Mandatory options are
output # name of the output file
Further options:
initialposition # the initial position; see below for examples, default: empty board
boardsize # board size, default: 19,
anchors # the rectangle within which the top left corner of the search pattern
# may move, default: (0, 0, 0, 0),
selection # the region on the board which is used as the search pattern,
# default: ((0, 0), (18, 18)),
depth # the highest move number that is considered, default: 10
min_number_of_hits # variations with less hits are not considered (black/white
# continuations are considered separately) default: 10
max_number_of_branches # if there are more continuations,
# only those with the most hits are considered, default: 20
gisearch # a query text for a game info search to be carried out
# before the pattern searches, default: no game info search
reset_game_list # should each search start from the initial game list, or from
# the list resulting from the search for the parent node?

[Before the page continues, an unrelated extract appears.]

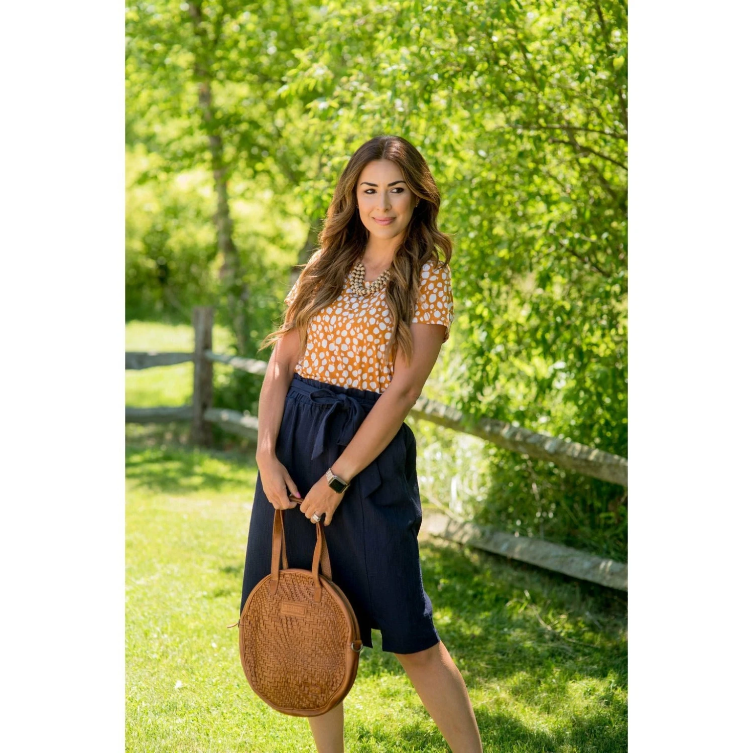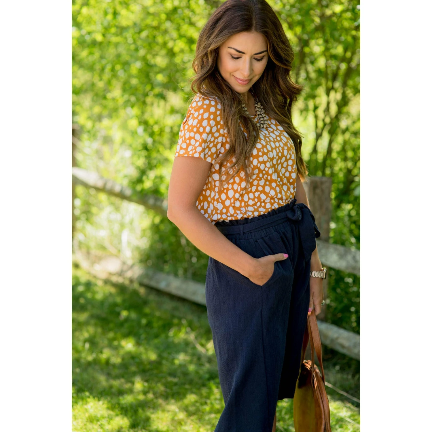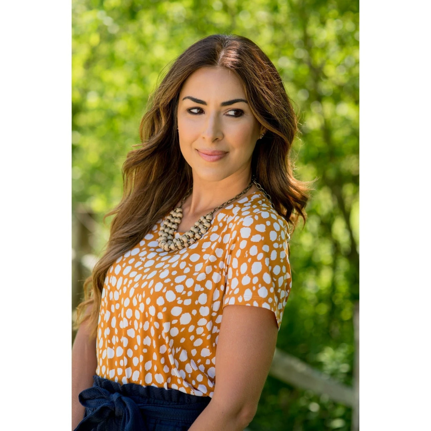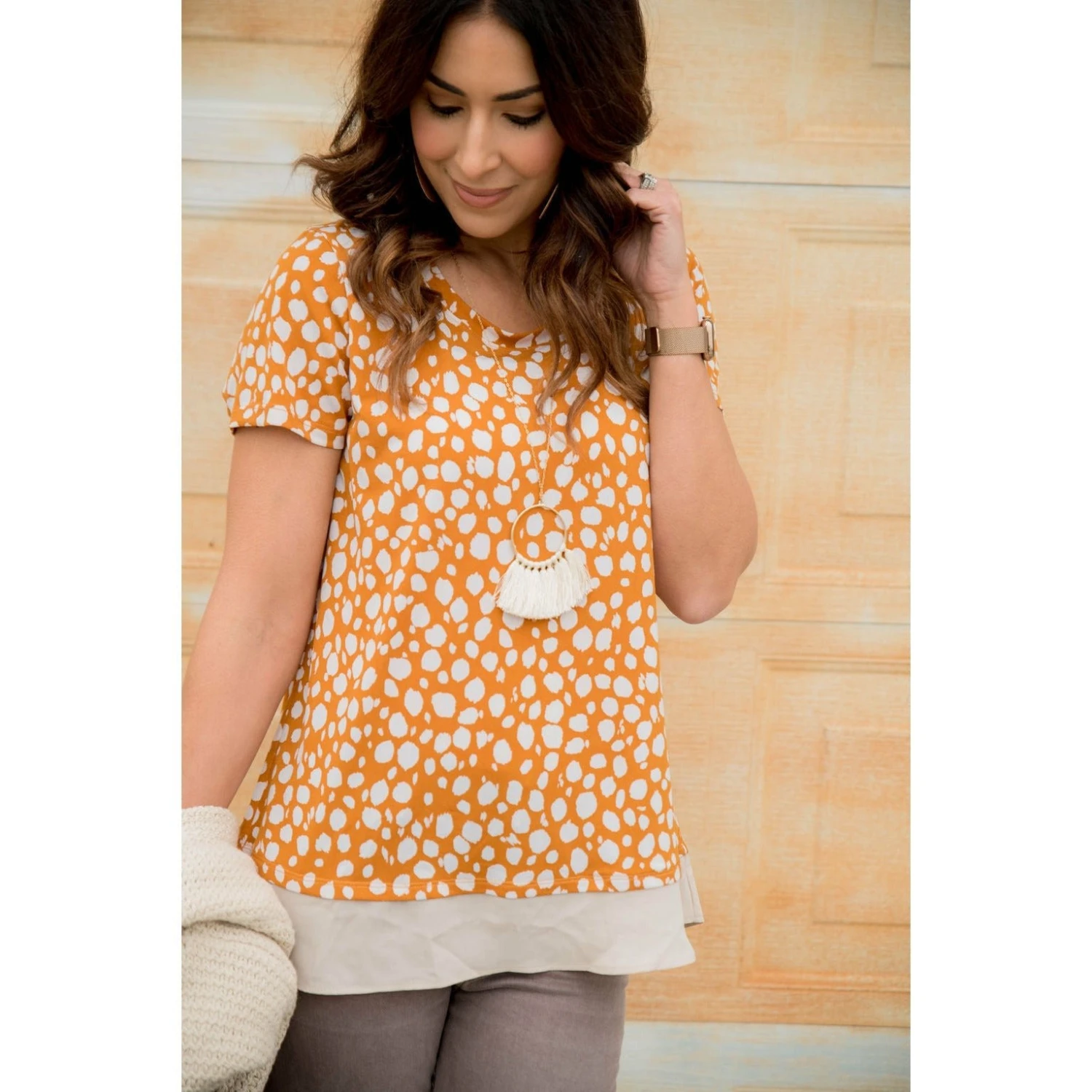 Do you like the layered look without actually having to layer tops? This Spotted Blouse Bottom Tee gives you that look! Pair it with jeggings and a Beaded Fringe Necklace for an amazing look!
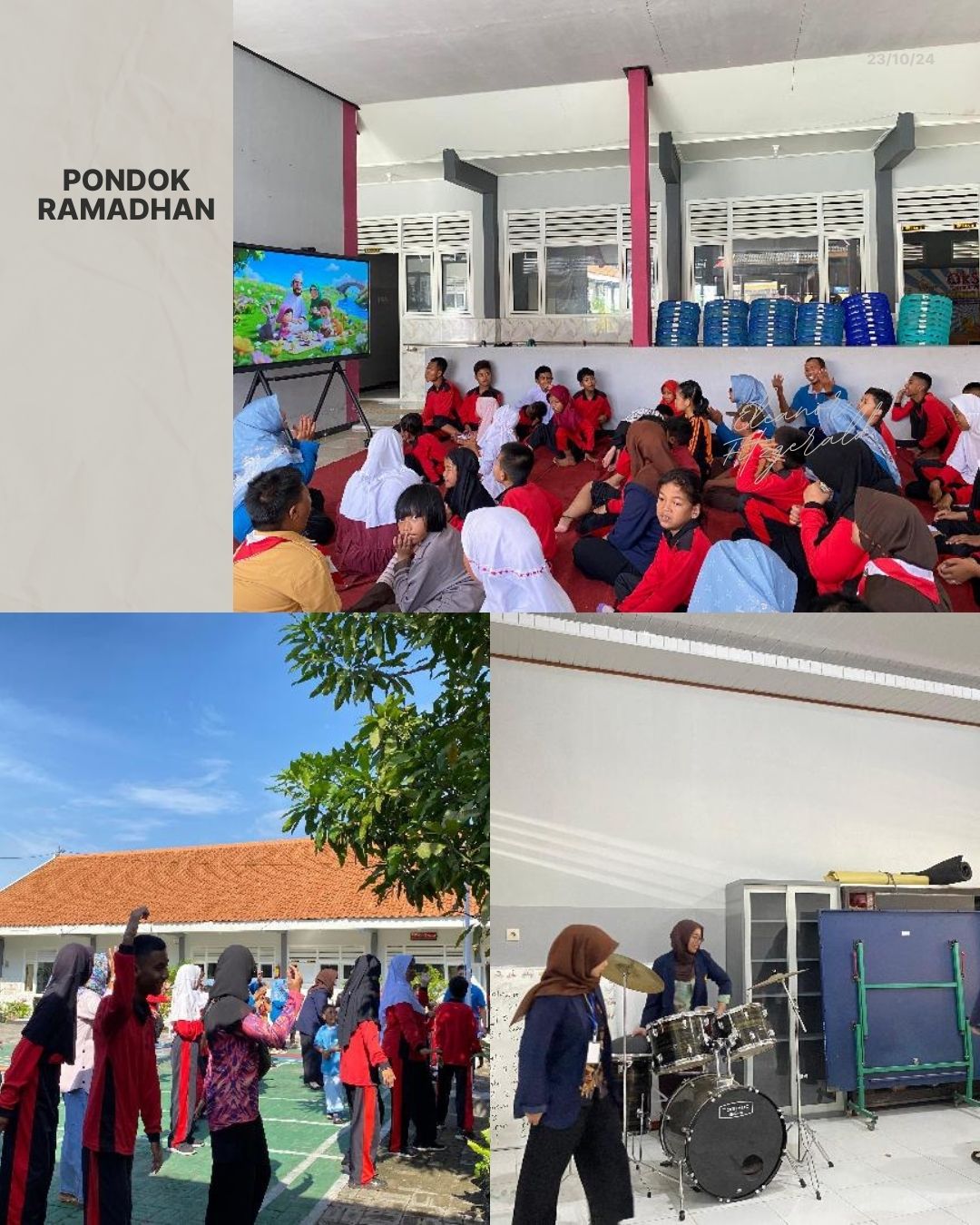 Pagi dimulai dengan kegiatan Harmoni Shaf yang dipimpin langsung oleh mahasiswa pembimbing. Sholat Dhuha dilaksanakan secara berjamaah dengan tertib dan penuh kekhusyukan. Setelah ibadah, mahasiswa mengajak siswa bernyanyi bersama dalam kegiatan Nada Sholawat. Lagu-lagu sholawat dinyanyikan dengan riang gembira untuk mencairkan suasana hati. Kegiatan Senandung Murotal Hati kemudian dilanjutkan dengan mendengarkan bacaan Al-Qur'an. Siswa mendengarkan dengan antusias sambil mencoba menirukan bacaan yang didengar. Suasana spiritual ini menjadi pondasi kuat bagi pembentukan karakter religius peserta didik.

# (This determines whether for some node all games featuring
# this position should be seen, or only those where it arose
# by the same sequence of moves as in the SGF file),
# default: False
comment_head # text that should be prepended to every comment,
# default: @@monospace
The default value for comment_head
is @@monospace
which causes Kombilo
to display the comment in a fixed width font. This is useful for output in
tabular form.
In the [searchoptions]
section, you can pass search options to Kombilo;
possible choices are
fixedColor, nextMove, searchInVariations, moveLimit
Example config file (starting from the empty board):
[databases]
d0 = /home/ug/go/gogod10W, /home/ug/go/gogod10W, kombilo1
d1 = /home/ug/go/go4go, /home/ug/go/go4go, kombilo1
d2 = /home/ug/go/go4goN, /home/ug/go/go4goN, kombilo1
[options]
output = out1.sgf
# start with empty board:
initialposition = '(;)'
depth = 15
min_number_of_hits = 20
max_number_of_branches = 20
[searchoptions]
fixedColor = 1
Example config file (starting with opposing san ren sei):
[databases]
d0 = /home/ug/go/gogod11W, /home/ug/go/gogod11W, kombilo3
[options]
output = out2.sgf
initialposition = '(;AB[pd][pp][pj]AW[dd][dp][dj])'
depth = 15
min_number_of_hits = 5
max_number_of_branches = 20
[searchoptions]
fixedColor = 1
profiler¶
This scripts performs a number of pattern searches and writes a HTML file with information about the results and the time used for the searches. This makes it easy to compare Kombilo performance with different search parameters. Invoking the script for different versions of the underlying libkombilo library, you can also experiment with changes to the search algorithms, or compare new algorithms to the existing ones.
Usage:
Invoke the script as
./profiler.py s1
where s1
is a subdirectory containing the following files.
Mandatory files:
kombilo1.d* # kombilo database files
hgsummary # a text file whose first line should contain information about the
# revision (inside the hg source code repository) of libkombilo
# used in this instance; to get started, just put the date (or
# anything) as the first line of a text file.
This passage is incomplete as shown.